Scaling Long-Horizon LLM Agent via Context-Folding
Weiwei Sun, Miao Lu, Zhan Ling, Kang Liu, Xuesong Yao, Yiming Yang, Jiecao Chen
TL;DR
Long-horizon LLM agents are constrained by context length. Context Folding enables active context management by branching to sub-tasks and folding their intermediate steps, while FoldGRPO learns this behavior with token-level process rewards.
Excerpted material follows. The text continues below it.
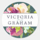 Les stickers de mariage floral chic sont une façon parfaite de finir vos enveloppes d'invitation, faveurs et plus encore. Conçus pour s'adapter à notre collection de mariages en Fleur Vibrante, les autocollants ronds présentent un bouquet de rose aquarelle et de fleurs de pivoines dans des tons luxuriants violet violet, vert rose vif, avec vos noms au centre sur un arrière - plan vert jasper tonique bijou.

On BrowseComp-Plus and SWE-Bench Verified, folding with a 32K active context and up to 10 branches matches or surpasses baselines that use much larger contexts and yields substantial efficiency gains. This work demonstrates that learnable context management is a principled and scalable pathway toward stronger, autonomous long-horizon LLM agents.
Abstract
Large language model (LLM) agents are fundamentally constrained by context length on long-horizon tasks. We introduce Context-Folding, a framework that empowers agents to actively manage their working context. An agent can procedurally branch into a sub-trajectory to handle a subtask and then fold it upon completion, collapsing the intermediate steps while retaining a concise summary of the outcome. To make this behavior learnable, we develop an end-to-end reinforcement learning framework FoldGRPO with specific process rewards to encourage effective task decomposition and context management. On complex long-horizon tasks (Deep Research and SWE), our folding agent matches or outperforms the ReAct baselines while using an active context 10$\times$ smaller and significantly outperforms models that rely on summarization-based context management.